**Problem description**
Restate the entries below exactly, and keep all images out of the answer.

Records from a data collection
━━━━━━━━━━━━━━━━

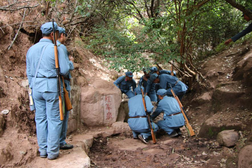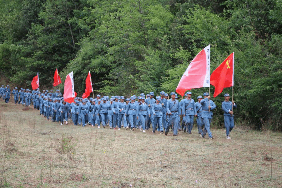 在党旗和军旗的指引下,尽管长征路是崎岖难行的山路,但队员们始终保持整齐的队形,个个昂首前行;沿途高唱红歌,洪亮的歌声在山谷中回响。经过草地、红军泉、红军树时,讲解员向大家介绍当年红军夜宿木高古时与群众的军民鱼水情故事。
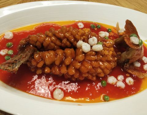 ...的松鼠鱼,造型不错,浇汁浓郁,鱼肉细嫩酸甜适口,我要吃 松子素烧鹅:烧鹅硬邦邦的不入味,不推荐
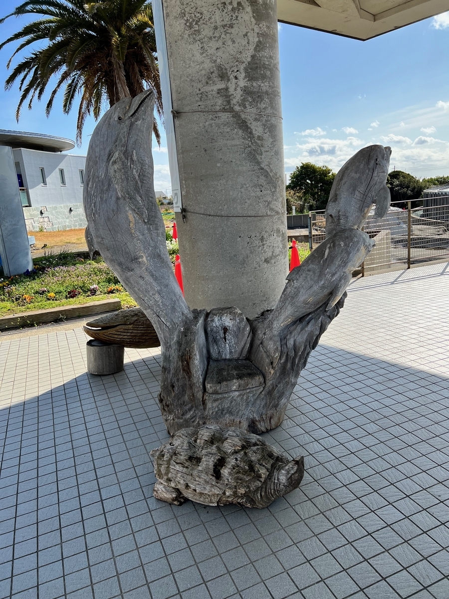 木彫りのイルカやカメ、クジラです。すごく精巧によくできてるんですが、設置されてる場所が場所だけにかなり褪せてしまっていました。
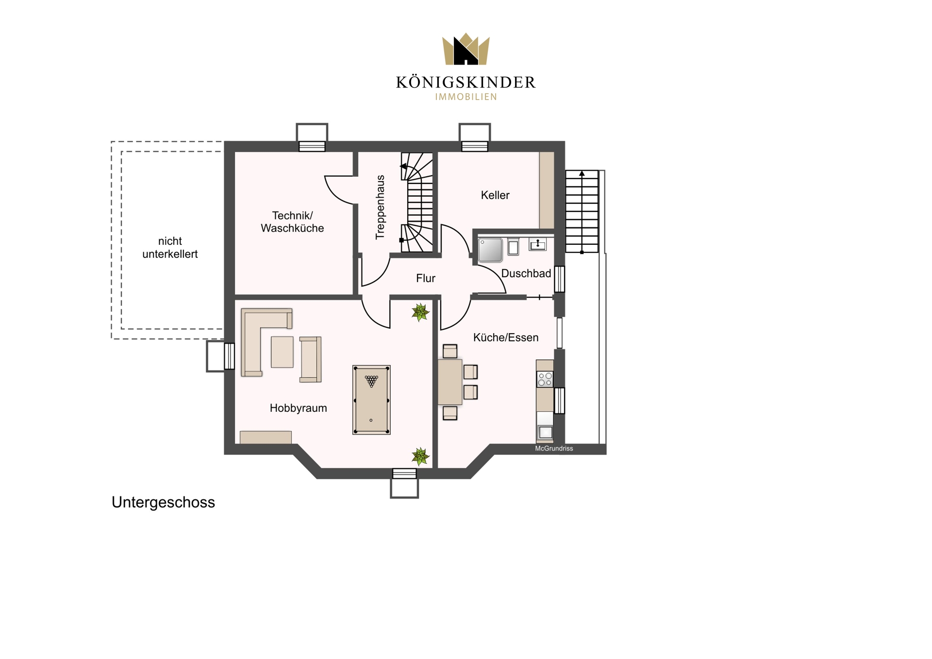 Das Untergeschoss bietet zusätzliches Entwicklungspotenzial: Der Ausbau für eine mögliche Einliegerwohnung wurde bereits vorbereitet. Eine Nutzungsänderung wurde bislang nicht beantragt und kann nicht garantiert werden. Bei erfolgreicher Genehmigung wäre eine Erweiterung der Wohnfläche auf ca. 250 m² mit insgesamt acht Wohnräumen denkbar.
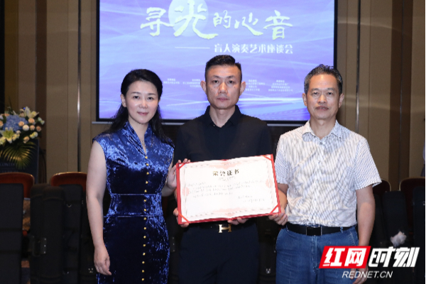 二胡演奏家李朋奇、竹笛演奏家毛镝、钢琴演奏家金元辉等盲人艺术家以及省会音乐界代表出席。会后,长沙市文联党组副书记谢胜文与座谈会组织者蔡霞老师共同为江苏丝竹乐器厂吕卫利颁发了捐赠证书,感谢该厂为李朋奇音乐会资助20把高档二胡。
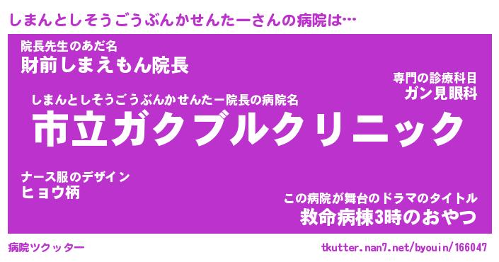 | 男性向けラノベタイトル風あだ名 | 『しまんとしそうごうぶんかせんたーの憂鬱』 |
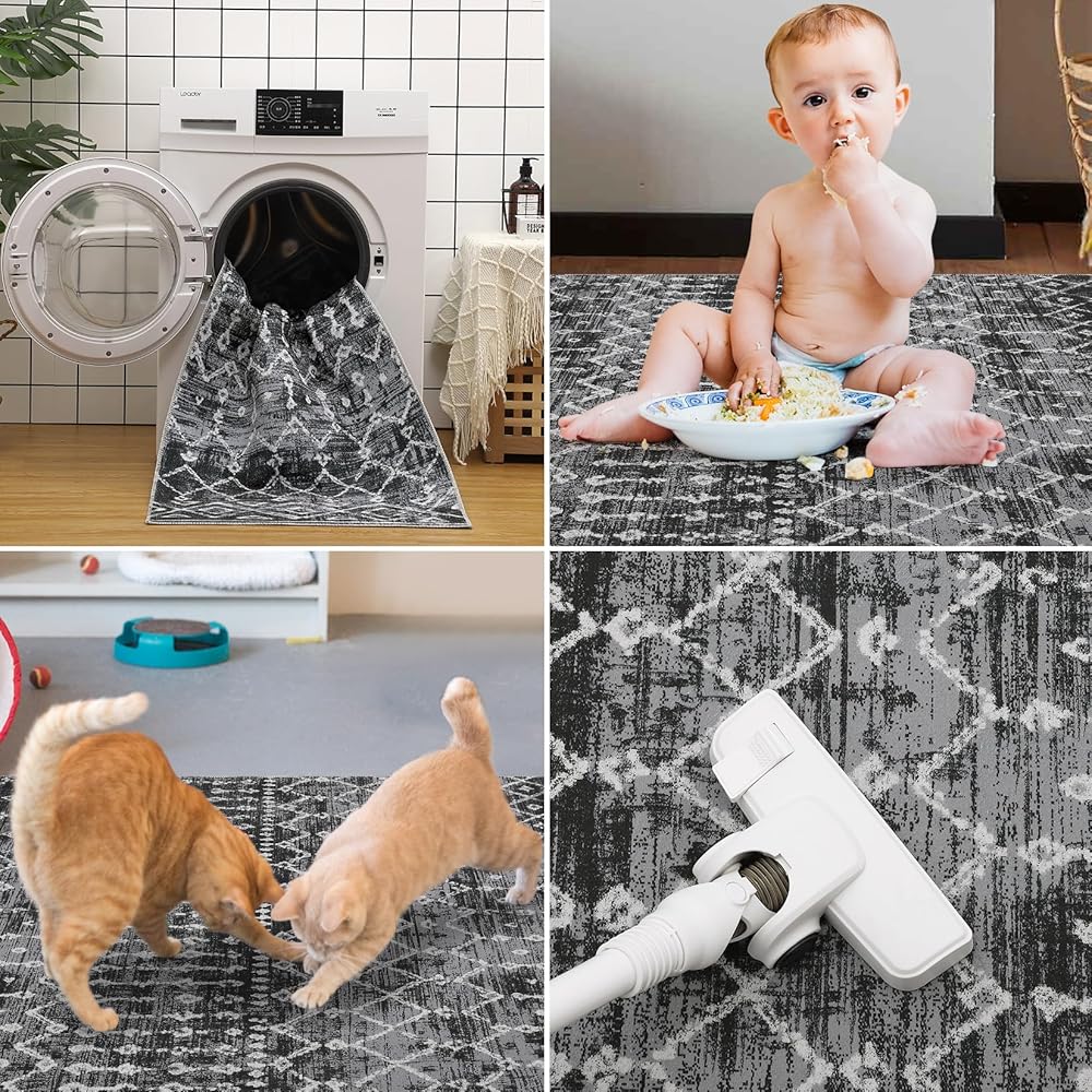 Non-Slip & Stain Resistant Rug: Our area rug features anti-slip TPR backing that can help to stay in place well, sufficient grip to prevent dangerous slides and slips, safe for everyday indoor or outdoor busy area. With the stain-resistant and washable rug, you can simply toss it into your washing machine and keep it fresh after every wash.
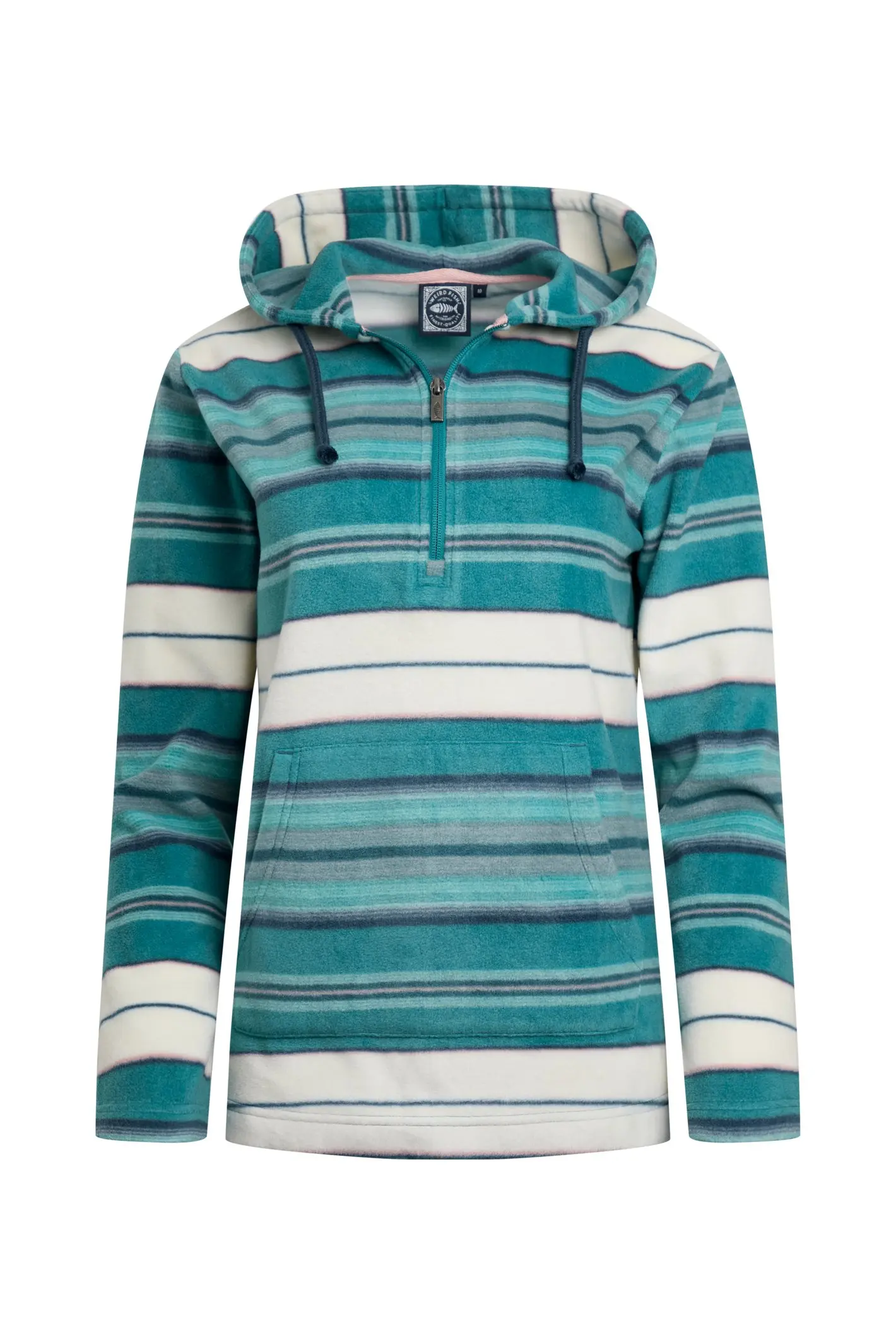 Weird Fish Lana 1/4 Zip Stripe Microfleece Hoodie Lagoon Blue
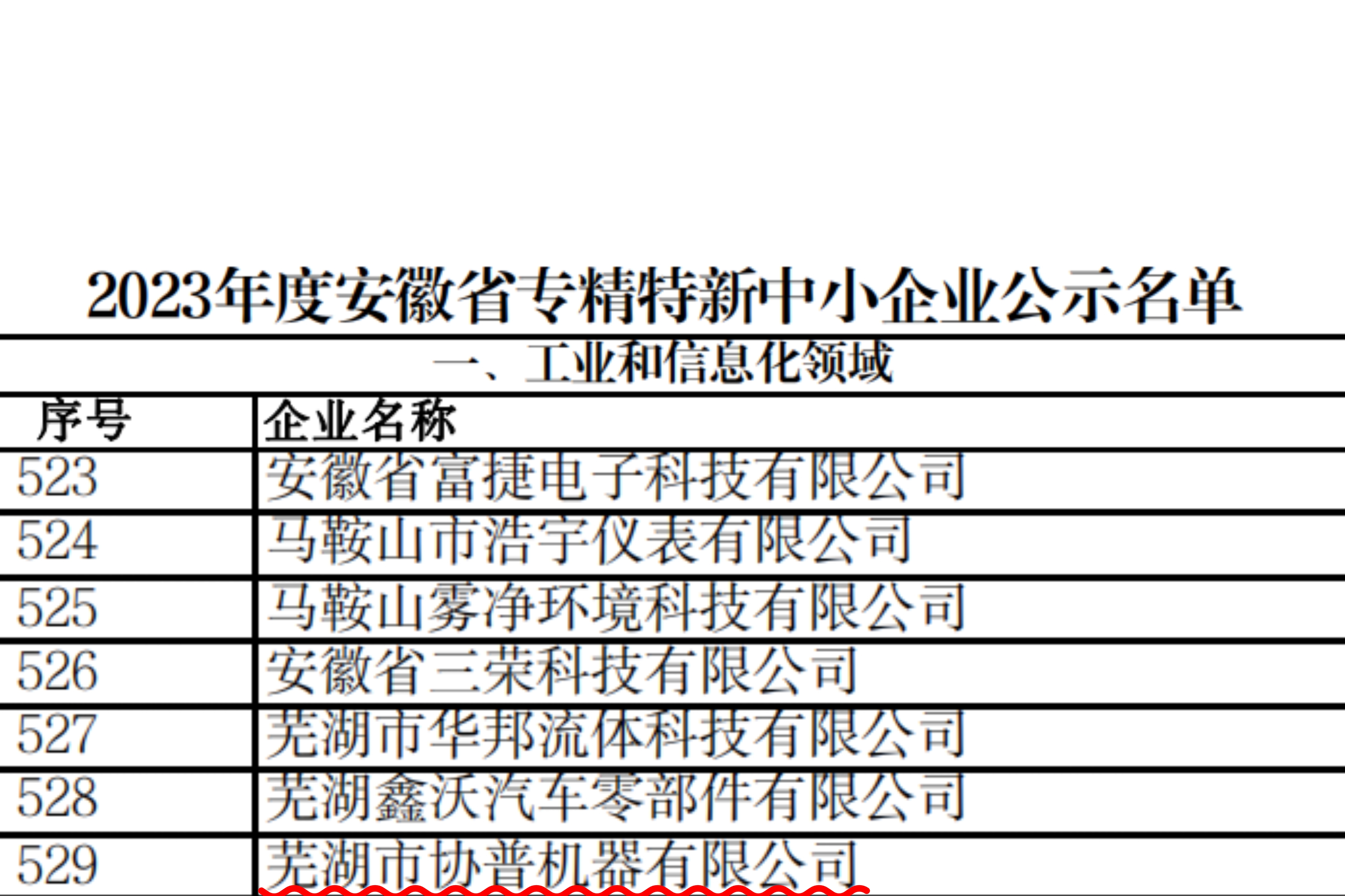 關(guān)于2023年度安徽省“專精特新”中小企業(yè)的名單,

━━━━━━━━━━━━━━━━

**Answer box**
 在党旗和军旗的指引下,尽管长征路是崎岖难行的山路,但队员们始终保持整齐的队形,个个昂首前行;沿途高唱红歌,洪亮的歌声在山谷中回响。经过草地、红军泉、红军树时,讲解员向大家介绍当年红军夜宿木高古时与群众的军民鱼水情故事。
 ...的松鼠鱼,造型不错,浇汁浓郁,鱼肉细嫩酸甜适口,我要吃 松子素烧鹅:烧鹅硬邦邦的不入味,不推荐
 木彫りのイルカやカメ、クジラです。すごく精巧によくできてるんですが、設置されてる場所が場所だけにかなり褪せてしまっていました。
 Das Untergeschoss bietet zusätzliches Entwicklungspotenzial: Der Ausbau für eine mögliche Einliegerwohnung wurde bereits vorbereitet. Eine Nutzungsänderung wurde bislang nicht beantragt und kann nicht garantiert werden. Bei erfolgreicher Genehmigung wäre eine Erweiterung der Wohnfläche auf ca. 250 m² mit insgesamt acht Wohnräumen denkbar.
 二胡演奏家李朋奇、竹笛演奏家毛镝、钢琴演奏家金元辉等盲人艺术家以及省会音乐界代表出席。会后,长沙市文联党组副书记谢胜文与座谈会组织者蔡霞老师共同为江苏丝竹乐器厂吕卫利颁发了捐赠证书,感谢该厂为李朋奇音乐会资助20把高档二胡。
 | 男性向けラノベタイトル風あだ名 | 『しまんとしそうごうぶんかせんたーの憂鬱』 |
 Non-Slip & Stain Resistant Rug: Our area rug features anti-slip TPR backing that can help to stay in place well, sufficient grip to prevent dangerous slides and slips, safe for everyday indoor or outdoor busy area. With the stain-resistant and washable rug, you can simply toss it into your washing machine and keep it fresh after every wash.
 Weird Fish Lana 1/4 Zip Stripe Microfleece Hoodie Lagoon Blue
 關(guān)于2023年度安徽省“專精特新”中小企業(yè)的名單,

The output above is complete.